**PROBLEM TO SOLVE**
In the records below, find the line with "所々アンティークゴールドに染まる表面は、冷え固まった溶岩のようにも見えます。", then copy each line exactly until you have copied the line with "Artesanos, emprendedores y". Leave any picture out.
──────── RECORDS FOR THIS EXERCISE ────────
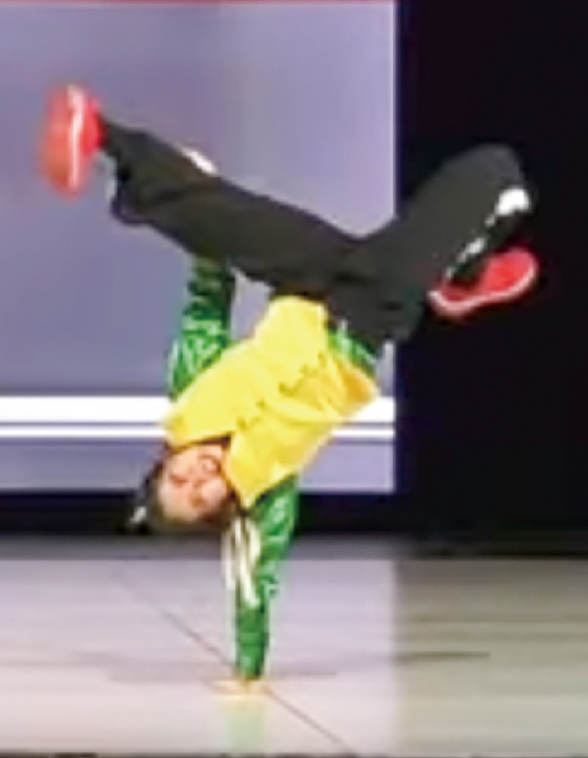 ヒップホップダンスの世界最高峰ともされ、約50カ国が参加した同大会。岩田さんは、所属するコナミスポーツクラブの中から選抜されたチームで出場し、9人でバーシティ部門(13歳〜17歳)、10人でJVメガクルー部門(17歳まで)にそれぞれ出場。双方で銀メダルを獲得した。岩田さんの見せ場となったのは、片手で倒立しポーズを決める場面=写真下=。チーム内で岩田さんが唯一できる技といい、見守った母の陽子さんは「この技と踊っているときの表情が、ひまりの強みだと感じている」と娘の快挙を喜んでいる。
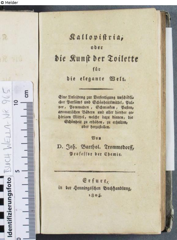 Found-Object Report | Object report Kallopistria oder die Kunst der Toilette für die elegante Welt: eine Anleitung zur Verfertigung unschädlicher Parfüms .. Lost Art-ID622866 Previous Next Author Johann Bartholomäus Trommsdorff Publisher Hennings TitleKallopistria oder die Kunst der Toilette für die elegante Welt: eine Anleitung zur Verfertigung unschädlicher Parfüms ..Place of releaseErfurt Date of publication1805Object typeLibrary objectsGroup of reported objectsLibrary objectsSignatureWe-GR 965 Description on the pastedown a bookplate, 110 x 74 mm: Ex Libris K. H. Tautenhayn Read more Read less Provenance K. H. Tautenhayn; [...]; 17.07.2001 - 2013: Museum Wella Darmstadt, purchased from Buch- und Kunstantiquariat Hans Horst Koch, Berlin; 2013: donated to the HLMD Read more Read less Published since22.07.2024 Contact Hessisches Landesmuseum Darmstadt Friedensplatz 1 64283 Darmstadt Germany Phone+49 6151-3601-200Fax+49 06151-1657199E-Mailinfo@hlmd.deHomepagehttps://www.hlmd.de/de/ Contact Dr. Martin FaassPositionDirektorPhone+49 6151-3601-001
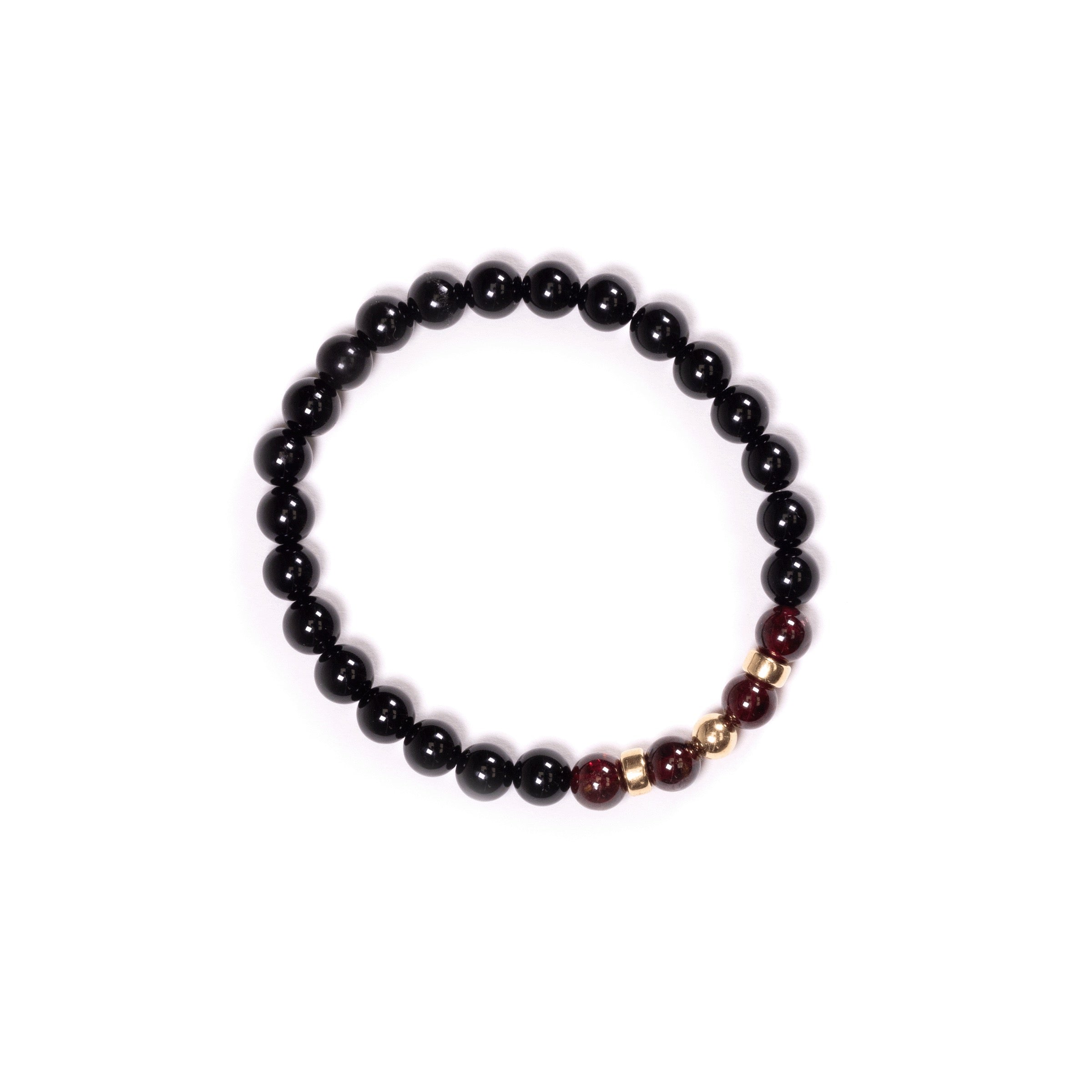 This elegant bracelet features lustrous onyx and deep garnet beads paired with 14k gold-fill accents, all thoughtfully handcrafted in the USA. Strung on resilient elastic cord, it slips effortlessly onto the wrist for everyday wear. The 6mm beads create a refined aesthetic, while the 6.5" length offers a comfortable fit. Custom sizing is available upon request.
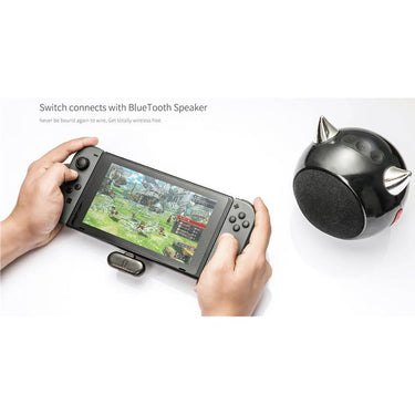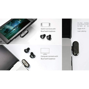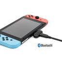 The Bluetooth transmitter is always on when plugged into the Switch's USB-C port. Alternatively, an adapter can also be used to plug it into the Switch dock's USB-A port. Bluetooth dongle draws less than 1% of the power from the Switch's own battery. It also uses the Switch's built-in driver, which means no bricking problem.
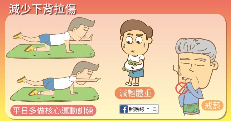 減少一些體重,那我們脊椎和下背肌肉的原始負擔就變少了,如果你常有背痛問題且體重過重,減重就是必須的。
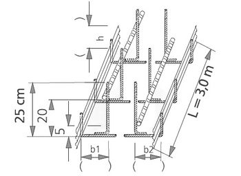 Das 3,0 m lange Fugenblechführungselement besteht aus 4 Fugenblechhaltern, die durch 2 Längseisen fest miteinander verbunden sind. Die losen, wellprofilierten Lochbleche werden an der aufgehenden Bewehrung befestigt. Das Fugenblech wird bauseits in die Fugenblechhalter eingeführt und hierdurch in der Lage sicher gehalten.
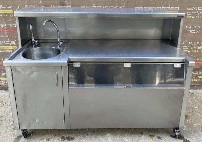 Μεταχειρισμένο Ερμάριο / Πόστο Ανοξείδωτο Με Πάσο 170,5x70x124,5Cm Γούρνα & Αποθήκη Πάγου
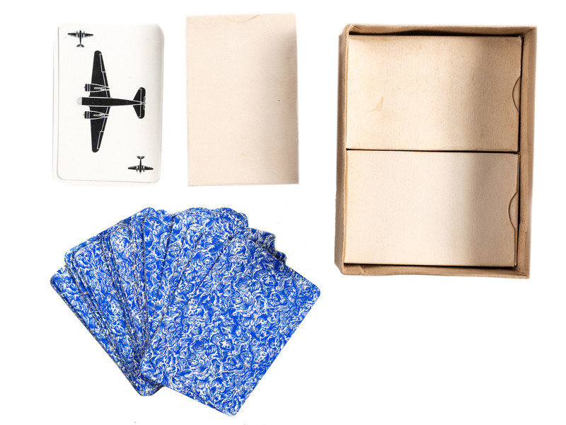 Cards with “Reprint July, 1941.” Original box with four packs of cards (some scuffing, but intact). Only the blue pack has been opened; the other three still have their glassine wraps inside the deck box. Also still has all 4 keys to blue, green, red and orange packs.
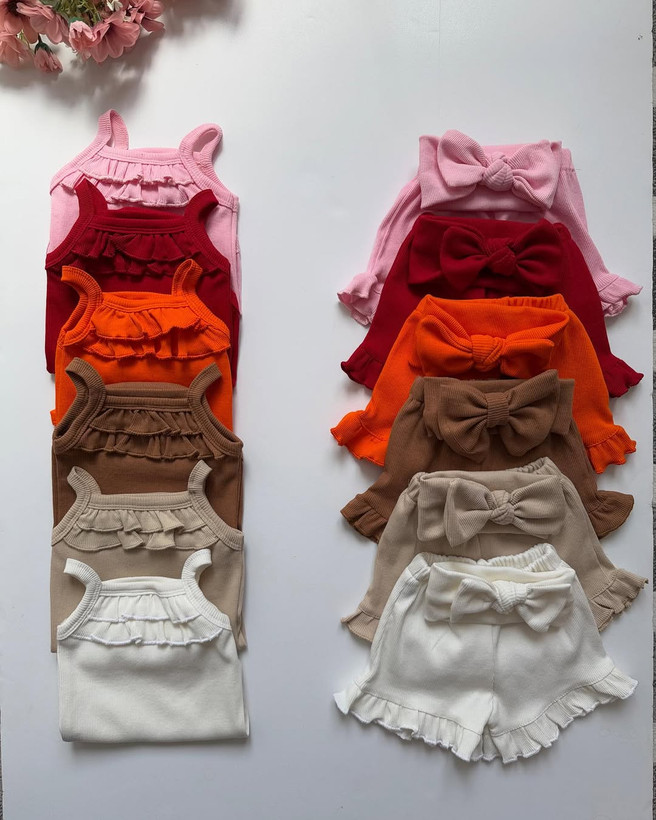 بادی شورتک همراه هد سایز۱:سرشانه تا فاق(۳۹شورتک(فاق۱۸پهنا۲۱) سایز۲:سرشانه تا فاق(۴۴پهنا۲۱)شورتک(۱۸پهنا۲۳) سایز۳:سرشانه تا فاق۴۴پهنا۲۲)شورتک(۱۹پهنا۲۵) سایز۴:سرشانه تا فاق۴۵پهنا۲۴)شورتک(۲۰پهنا۲۶) قواره لباس ها و جثه بچه ها باهم متفاوته لطفا اندازه ها چک کنید ۲سانت خطای اندازه گیری در نظر بگیرید و به خاطر نورعکاسی یکی دو درجه اختلاف رنگ وجود دارد
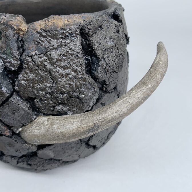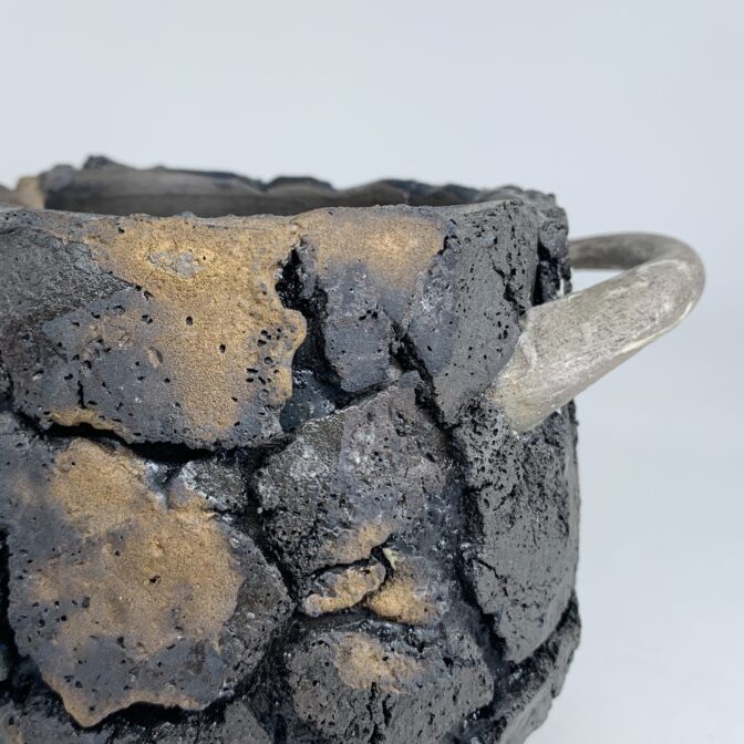 所々アンティークゴールドに染まる表面は、冷え固まった溶岩のようにも見えます。
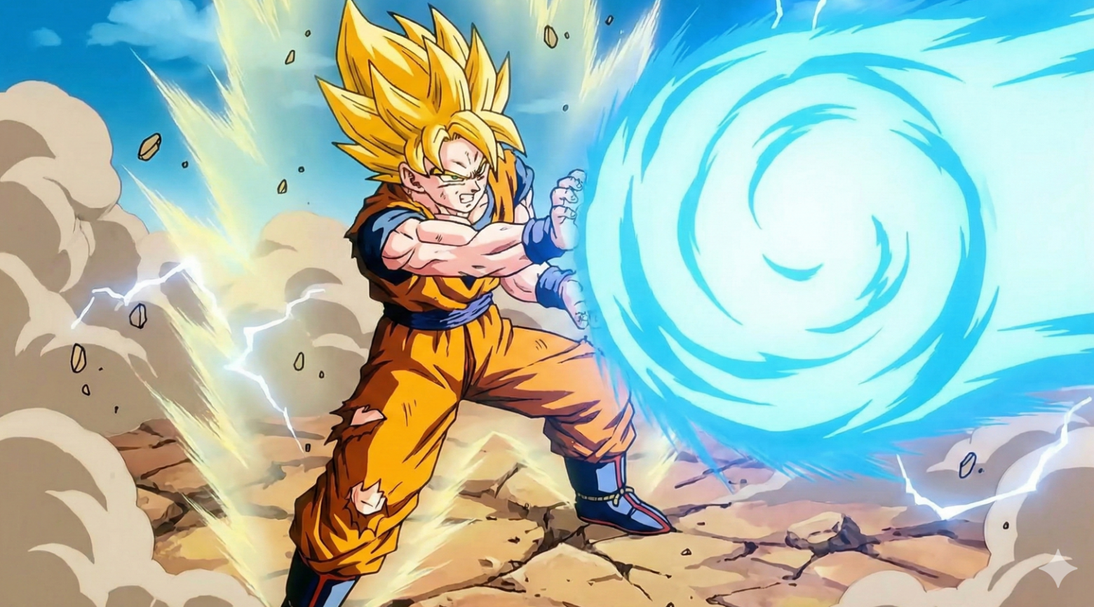 Сгенерируй персонажа с нуля. Парень с колючими светлыми волосами в оранжевом боевом костюме. Он стоит в боевой стойке, собирая в ладонях огромный светящийся голубой шар энергии. Земля под его ногами трескается от напряжения, вокруг летают мелкие камни. Dragon Ball anime style, shounen action, intense energy aura, glowing ki ball, dynamic pose, cracked ground, aspect ratio 16:9
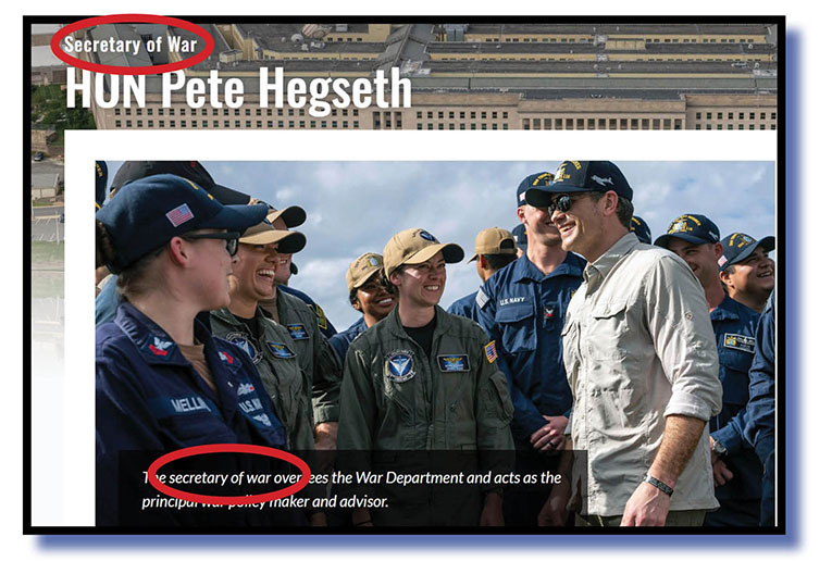Example 3 now. Last year, Seth Pisshead announced he was no longer the US secretary of defense (the US spelling) and was now the secretary of WAR! Signs and stationery were changed at great cost.
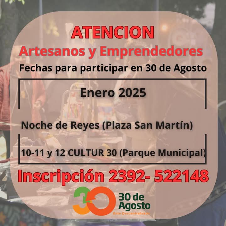 Artesanos, emprendedores y gastronómicos comunicarse por whatsapp al 2392 – 522148.-
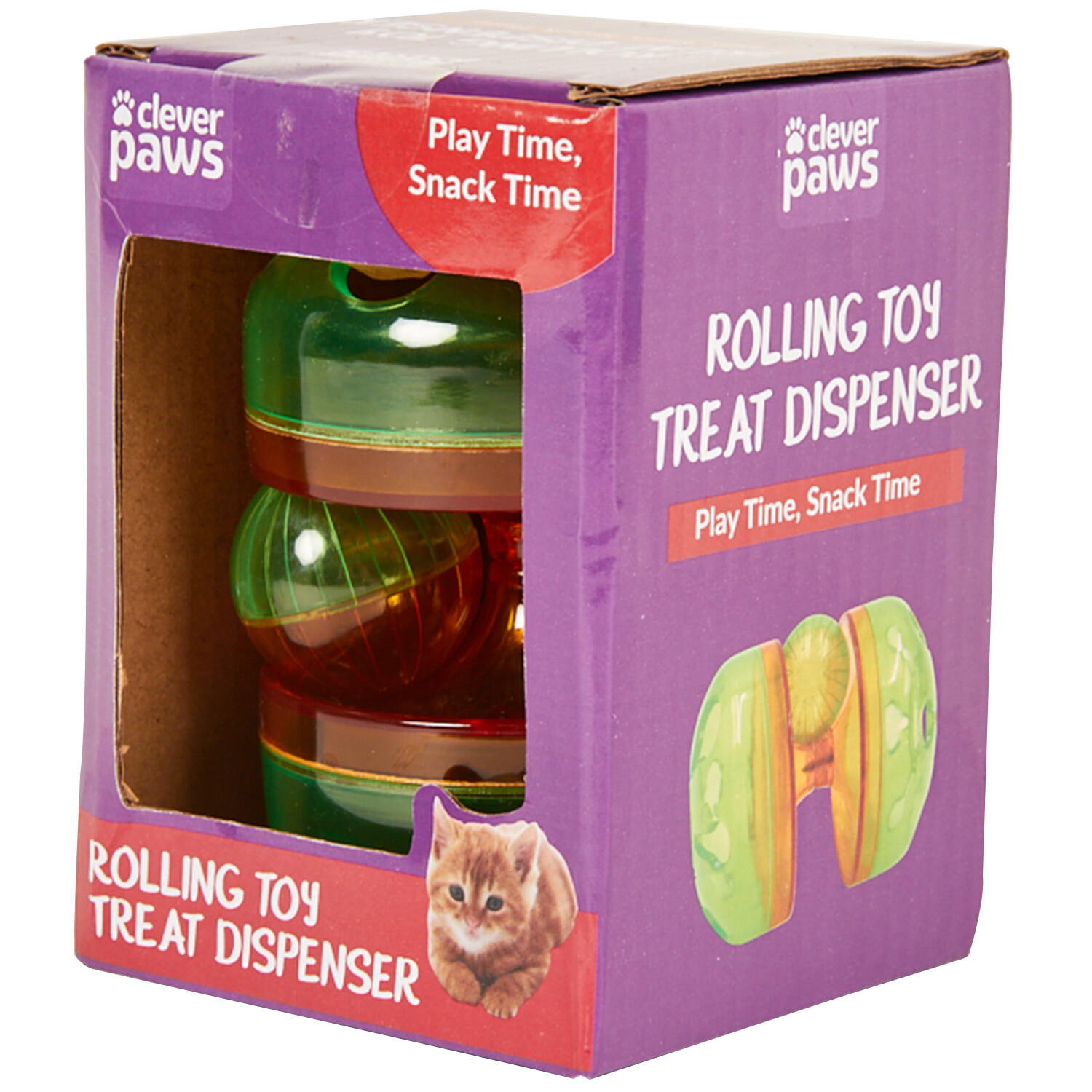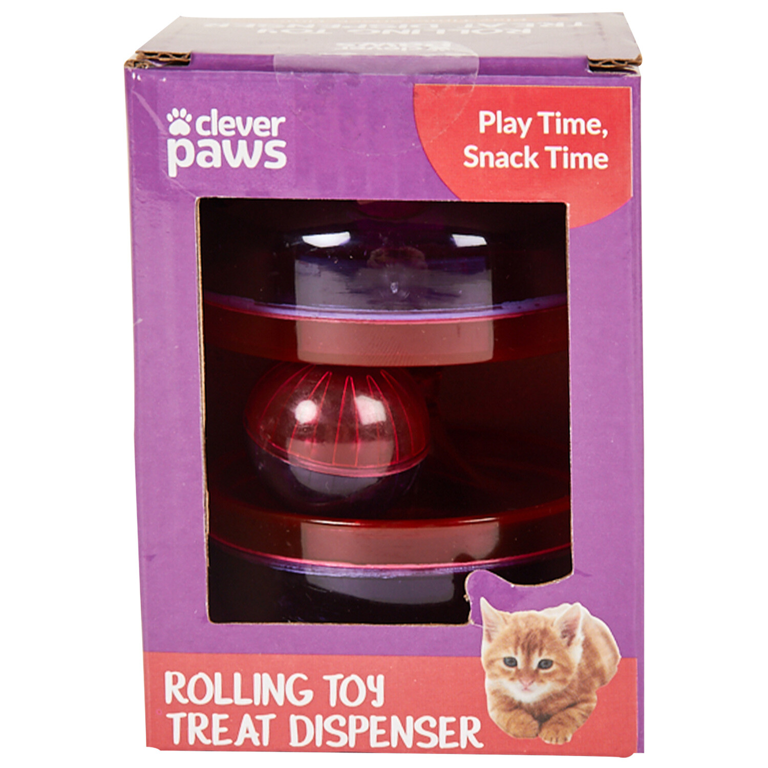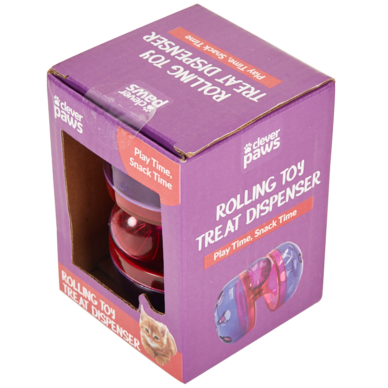 Encourage your feline friend to work and exercise to earn their treats with this Rolling Toy Treat Dispenser. Designed to be a fun toy that helps to regulate portion control, it easily dispenses treats as your cat plays, pounces and moves the ball. Please ensure the treat size and amount being dispensed are suitable for the age of the cat.
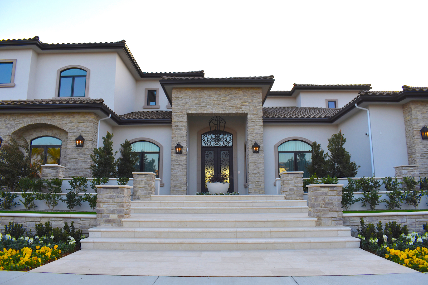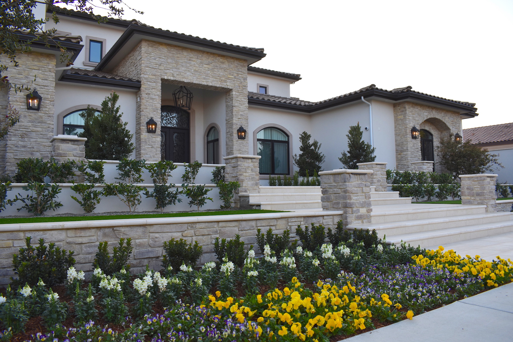 From the very beginning, elevations would play a critical role in our clients’ project for a variety of reasons. First, they had always loved the terraced look of many traditional Italian gardens. They envisioned a welcoming series of terraces for the front landscape that would further enhance the drama of their front entry. Also, in the rear landscape, they envisioned a sunken area to lower the outdoor living space & pool space for privacy. To achieve these goals, we created a series of terraces using stucco & stone walls to match the residence. We also incorporated a number of columns with a rich veneer stone (also matching the residence) to add yet another architectural element to the design.
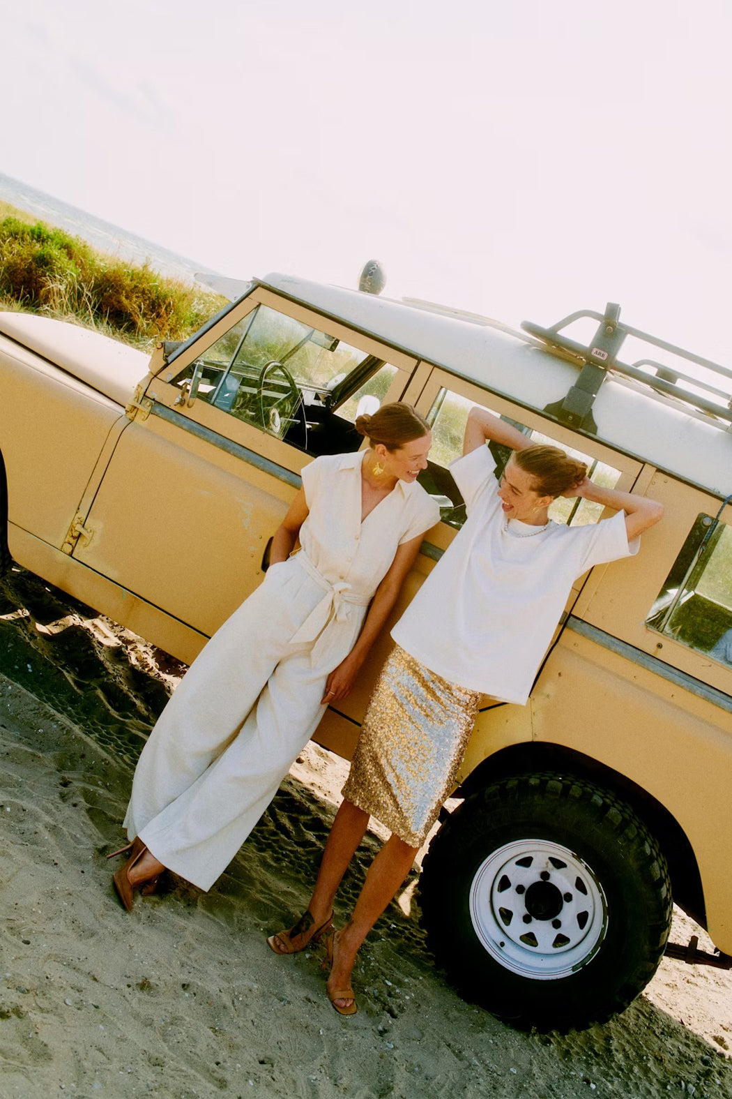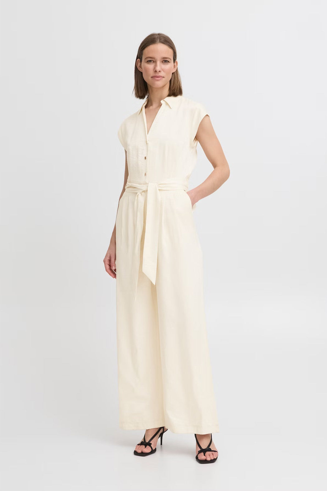 Step into your next event or party with in style in the Donni Jumpsuit. In an off white with subtle gold shimmer, this sleeveless jumpsuit belts at the waist for a flattering fit and features a v-neckline with collar and gold button up front. Ideal for a taller woman or a person who struggles to find a jumpsuit that will fit their longer torso.
────────
**RESPONSE TO THIS EXERCISE**
 所々アンティークゴールドに染まる表面は、冷え固まった溶岩のようにも見えます。
 Сгенерируй персонажа с нуля. Парень с колючими светлыми волосами в оранжевом боевом костюме. Он стоит в боевой стойке, собирая в ладонях огромный светящийся голубой шар энергии. Земля под его ногами трескается от напряжения, вокруг летают мелкие камни. Dragon Ball anime style, shounen action, intense energy aura, glowing ki ball, dynamic pose, cracked ground, aspect ratio 16:9
Example 3 now. Last year, Seth Pisshead announced he was no longer the US secretary of defense (the US spelling) and was now the secretary of WAR! Signs and stationery were changed at great cost.
 Artesanos, emprendedores y gastronómicos comunicarse por whatsapp al 2392 – 522148.-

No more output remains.